Она может сказать, что утром на Рождество в 1885 году было ровно 24 градуса по шкале господина Фаренгейта, то есть минус 4,4444 по шкале господина Цельсия. Ей еще трудно делать подсчеты для перевода одной системы в другую, но формулу, продиктованную отцом, она запомнила твердо: от температуры по шкале Фаренгейта надо отнять 32, потом разделить на 1,8.
Блокнот ее выглядит идеально, цифры ровные-ровные, начертанные уверенной рукой, ни одного дня не пропущено. Переворачивая заполненные страницы, она любуется прожитыми днями, а созерцая пустые страницы, радуется дням, которые ей предстоит прожить.
Утренние записи позволили Милисенте осознать эту свою страсть. Если ее мать ведет дневник, пишет статьи и сочиняет музыку, отец делает научные доклады и выводит формулы, то она будет составлять списки, это станет ее способом структурировать мир, слишком огромный, про который она еще почти ничего не знает. Во второй тетради, купленной на собственные карманные деньги, она составляет список любимых месяцев (декабрь, январь, февраль, март), овощей, которые ненавидит (репа, овсяный корень, цветная капуста), любимых звезд (Сириус, Бетельгейзе, Стелла Марис, Венера, которая, вообще-то, и не звезда вовсе, но пусть будет), а еще стран, которые хотела бы посетить (все). На других страницах — список птиц, замеченных в течение дня, любимых растений, ночных шумов, оттенков цветов, которые удалось различить в одной-единственной перламутровой ракушке, самых сочных яблок, лучших качеств собак, любимых прилагательных, писателей, которые ей нравятся больше других.

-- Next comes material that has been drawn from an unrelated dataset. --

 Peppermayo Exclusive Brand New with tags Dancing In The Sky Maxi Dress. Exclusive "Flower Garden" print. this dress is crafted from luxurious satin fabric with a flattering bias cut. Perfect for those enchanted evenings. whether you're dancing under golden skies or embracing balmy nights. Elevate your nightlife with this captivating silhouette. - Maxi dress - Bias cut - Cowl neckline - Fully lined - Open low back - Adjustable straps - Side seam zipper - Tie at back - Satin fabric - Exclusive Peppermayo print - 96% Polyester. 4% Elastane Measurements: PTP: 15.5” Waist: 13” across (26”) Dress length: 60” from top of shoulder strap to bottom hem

Страница, озаглавленная «Мои лучшие подруги», осталась пустой.
Крепости
Ледяные хижины
Снежки
Снеговиков
Ангелов
В доме Дикинсонов, где сейчас больше призраков, чем живых людей, царит мертвый покой. К счастью, есть кошки, они принадлежат двум мирам одновременно. Лавиния сидит в гостиной. Часы бьют десять, впереди у нее целый день. Перед тем как начать какое-нибудь дело, требующее некоторого времени или необходимости уйти из дома, она по привычке заходит в комнату матери на случай, если той что-нибудь нужно. Это рефлекс. Но комната пуста. Пусты все комнаты, кроме спальни Лавинии. Теперь у нее нет никаких забот: не нужно готовить овсяную кашу с медом, не нужно варить яйцо всмятку для Эмили, не нужно ходить на почту отправлять письма, которые сестра продолжала писать до последних дней жизни, по нескольку в неделю.
Никто больше в ней не нуждается.
Она медленно идет на кухню, надевает рабочий фартук, наливает воду в ведро, вооружается щеткой, флаконом жидкого мыла и принимается скоблить одну за другой ступеньки высокой лестницы, словно полируя клавиши огромного рояля.

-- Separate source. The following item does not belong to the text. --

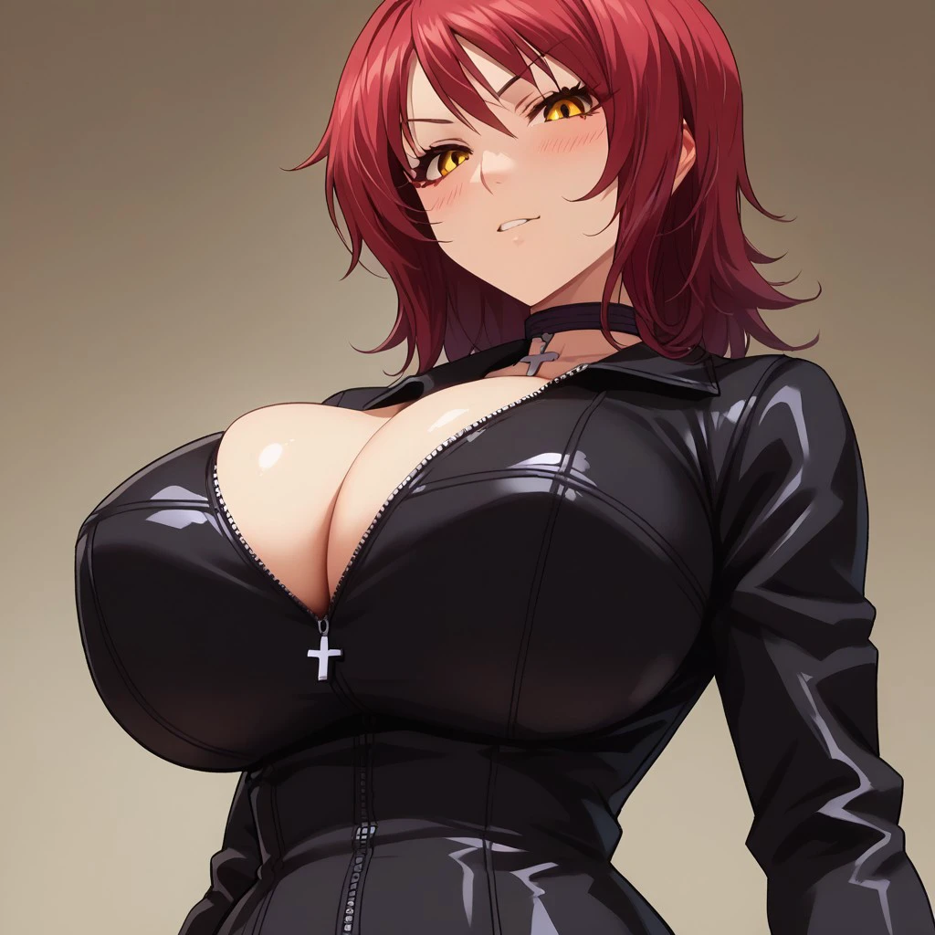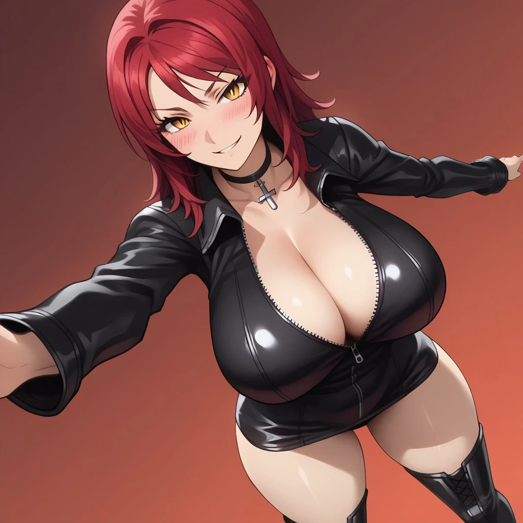 choker, cross, catsuit, bodysuit, zipper, unzipped, sleeves, long sleeves, thick thighs, thicc thighs, high leg boots, leather boots,

Порой она задается вопросом: а вдруг они сейчас все вместе. Отец, мать, сестра и племянник, может, они живут где-то высоко, в небесной обители? А если это так, кто приготовит им ужин?
Небо над верхушками деревьев из серого войлока. Лавиния мечтала бы натыкать туда булавок, чтобы все не распоролось, не распалось, надо успеть вскарабкаться по лестнице и поправить шитье. Каждый божий день она что-то мастерит или чинит. Она вышивает, вяжет, штопает, латает, кладет заплаты и даже выполняет мелкие столярные работы. После ужина она заканчивает шить чепчик для внука подруги юности, осталось только обвязать тесемкой.
На кухне целый ящик комода забит обрывками лент, кусками кружев, мотками тесьмы. В отдельной коробке разрозненные пуговицы: медные, кожаные, железные, перламутровые, деревянные; в банке остатки ниток и ворсинки шерсти, некоторые из них такие короткие, что, роясь в этих сокровищах время от времени, Лавиния задается вопросом, могут ли они пригодиться, разве что пойдут на гнездо для дрозда, но она никогда ничего не выбрасывает. Обрезки ткани аккуратно сложены в большую картонную коробку, такое лоскутное одеяло. В другом ящике горсть ключей, она и сама не знает, какие замк
Из свернутого мотка лент она выбирает бледно-желтую, длиной в две ладони. Она прекрасно подойдет к ярко-синей ткани, но один край слегка растрепался. Лавиния открывает второй ящик, где валяются огарки свечей, — она в буквальном смысле экономит на спичках. И на свечках. Совсем короткие огарки откладывает в отдельное ведерко, дожидается, пока их накопится побольше, растапливает воск, а потом делает фитили. Ей приходится сдерживать себя, а то она хранила бы и сгоревшие спички, сожалея о том, что их нельзя зажечь дважды.
Она берет первый огарок, осторожно проводит основанием свечи по ниткам с краю, чтобы они не трепались дальше. Каждая вещь, какой бы она ни была маленькой, имеет свою пользу. Ничего никогда нельзя выбрасывать, это грех. Это не только расточительство, но и отсутствие изобретательности.
Порой ей кажется, что весь дом держится благодаря этим странным разнородным остаткам, они каким-то странным образом являют некий строительный раствор. Избавь этот дом от обмылков, кусков мела, обрезков картона, отрезков ткани, огрызков карандашей, пустых пакетов из-под сахара и муки, останется лишь пустая раковина. Ничего удивительного, что сестра записывала стихи на обрывках конвертов и обертки. Нет ничего долговечнее остатков, они выжили и уцелели, когда все остальное исчезло.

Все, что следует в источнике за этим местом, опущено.